(Data segment begins)

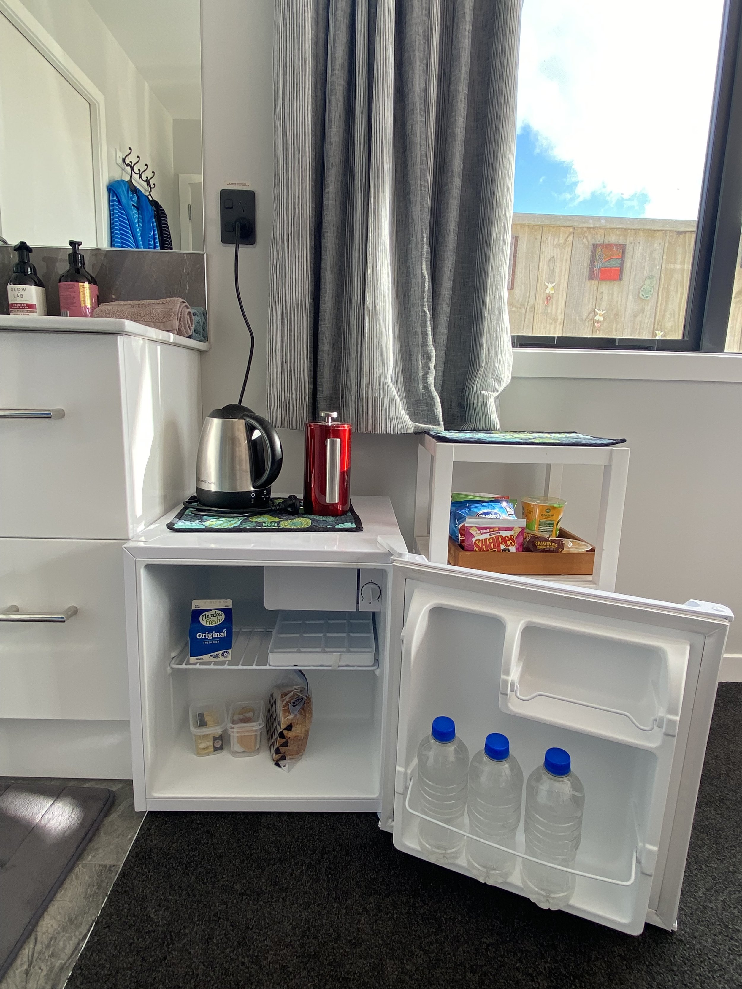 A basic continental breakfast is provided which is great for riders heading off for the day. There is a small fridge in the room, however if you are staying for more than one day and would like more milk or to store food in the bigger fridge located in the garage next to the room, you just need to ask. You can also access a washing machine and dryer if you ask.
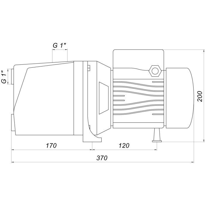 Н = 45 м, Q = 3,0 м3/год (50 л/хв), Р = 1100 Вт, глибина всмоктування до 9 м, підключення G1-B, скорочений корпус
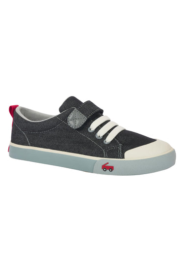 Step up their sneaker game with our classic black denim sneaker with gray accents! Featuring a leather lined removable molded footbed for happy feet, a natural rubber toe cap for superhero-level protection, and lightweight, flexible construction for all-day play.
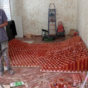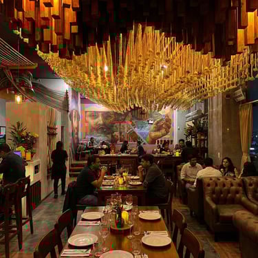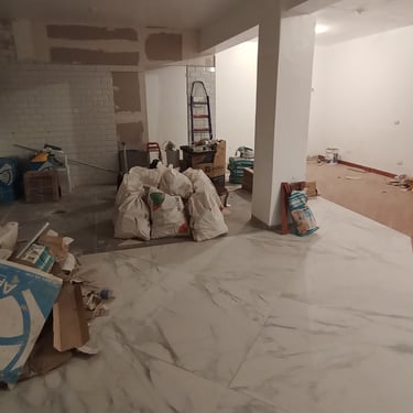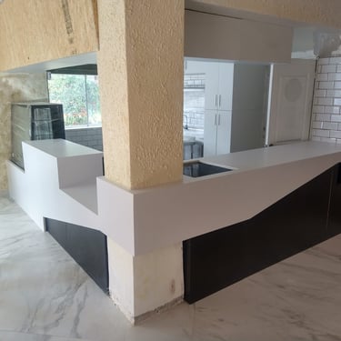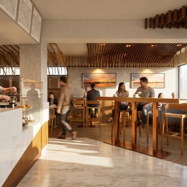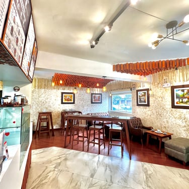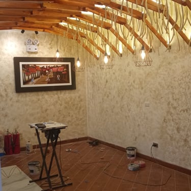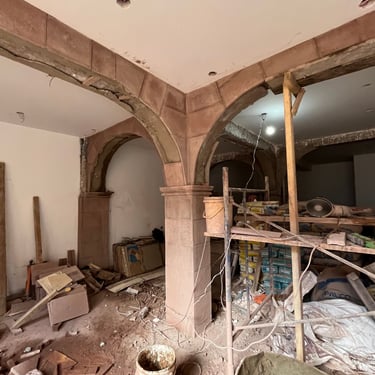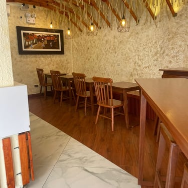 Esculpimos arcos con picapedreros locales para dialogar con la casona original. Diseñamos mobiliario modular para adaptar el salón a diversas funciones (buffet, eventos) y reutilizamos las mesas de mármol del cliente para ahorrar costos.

(Data segment ends)

• Task goal: Pictures do not belong in the answer. Return the lines above starting at the one with "Н = 45 м, Q" and ending at the one with "Step up their", both kept, exactly.

• Exercise answer:
 Н = 45 м, Q = 3,0 м3/год (50 л/хв), Р = 1100 Вт, глибина всмоктування до 9 м, підключення G1-B, скорочений корпус
 Step up their sneaker game with our classic black denim sneaker with gray accents! Featuring a leather lined removable molded footbed for happy feet, a natural rubber toe cap for superhero-level protection, and lightweight, flexible construction for all-day play.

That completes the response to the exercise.